Industrial and civic leaders from Russia's closed atomic cities have been in Scotland to learn how Dounreay and the local community has been adjusting to its new life as a centre for decommissioning. The visit was part of an initiative by Britain's Department of Trade and Industry to help the closed cities of the former Soviet Union to find alternative non-weapons employment as part of international efforts to counter nuclear proliferation. It also aims to promote sustained economic development in the cities.

A 15-strong party representing 10 cities, including mayors and industrial leaders, visited Scotland as part of a week-long fact-finding visit to the UK. Their cities face thousands of job losses with the rundown of work in former atomic sites.

Colin Punler, UKAEA's communications manager at Dounreay, described how the site had made the transition from operations to decommissioning, with growth in training, jobs and contract opportunities. The conference also heard from Neil Money, former head of the decommissioning task force set up by the HIE network, and Carol Gunn, of Caithness and Sutherland Enterprise.

Part of the former Dounreay farmhouse which played an important part in a national mapping exercise over 50 years ago has been preserved for posterity at the Dounreay visitor centre. The stone building block, which was recovered from the demolition of the building last year, has an Ordnance Survey benchmark cut into it, dating from sometime between 1936 and 1952. This was the period during which the Ordnance Survey carried out its second geodetic levelling. The levelling is based on the Ordnance Datum, which is the mean level of the sea at Newlyn in Cornwall, which was calculated from hourly readings of the sea level recorded on an automatic tide gauge from 1 May 1915 to 30 April 1921. This tide gauge is situated in the Ordnance Survey Tidal Observatory on the south pier at Newlyn, and readings are related to the Observatory Bench Mark, which is 4.751 m (15.588 ft) above the datum. The Bench Mark on

Lower Dounreay Farmhouse stone is 15.24 metres. This is its height above the Observatory Bench Mark at Newlyn. The stone was part of the farmhouse, which was built in 1859 and demolished last year to clear the ground for new waste treatment plants. The visitor centre opened at Easter.

The relocation of UKAEA’s design section drawing office to new accommodation at Dounreay has paid dividends, according to section manager Alan Simpson. Previously located in a controlled area of the site, it is now located in the new office block known as D2003. "It's an ideal environment for our draughtspersons and, given the closeness of the design engineers, we handle a wide variety of tasks which permits a huge opportunity for development." The Section uses the most up-to-date equipment, providing support to a wide diversity of customer needs, including diagrams for procedures and 3D modelling in support of sanction cases, whilst retaining traditional manual draughting. Given the sensitivity of many projects security is also an important factor, according to Jared Fraser, the drawing office supervisor. "The team's work on security drawings also required permanent walls and security locks on all entrances. A recent audit by the Office of Civil Security commented positively on the system employed by the team."

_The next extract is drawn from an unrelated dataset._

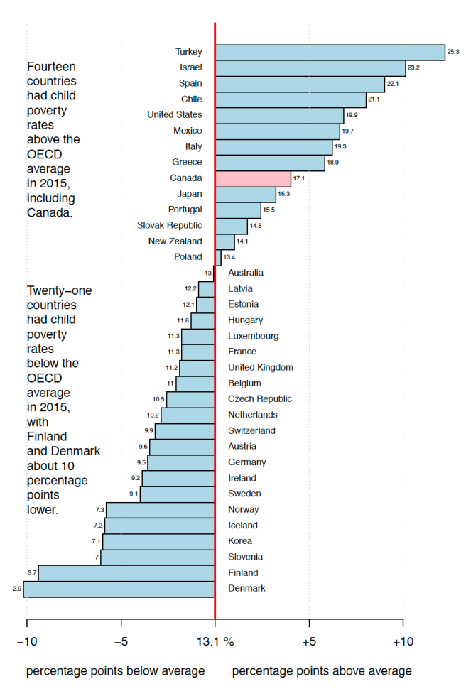 Australia finds itself at about the average, with 13 out of every 100 children living in households with low income during 2015. My country, Canada, is well above this average but more recent data for 2017, released by Statistics Canada and also the OECD, shows an important drop, documenting rates below the overall rich country average, and now below that for Australia
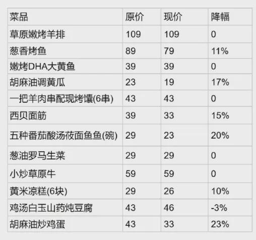 10月1日,西贝官方小程序显示,菜品价格已完成调改。以此前罗永浩就餐时的账单为例,草原嫩烤羊排原价119元,现价109元;葱香烤鱼原价89元现价79元;黄米凉糕(6块)原价29元现价26元。

Thanks to fund-raising events organised by the Dounreay secretarial trainees, extra facilities for the hard of hearing have been installed at Caithness General Hospital, Wick. The trainees raised £1,348 and divided it equally between Caithness General, the Caithness branches of ENABLE and Diabetes UK, and the Dunbar Hospital, Thurso. Caithness General matched the donation and installed an in-built deaf loop system in the reception and bought four portable deaf loops. Two of the trainees, Hayley Polson and Shona Campbell, were guests of the hospital to see what their efforts had achieved. Pauline Craw, Nursing Manager, said the new facilities would be very beneficial, particularly the portable units. “Without the donation it is unlikely we would have been able to provide all the systems at present. For that reason we are very grateful to the Dounreay trainees for their efforts and kindness.”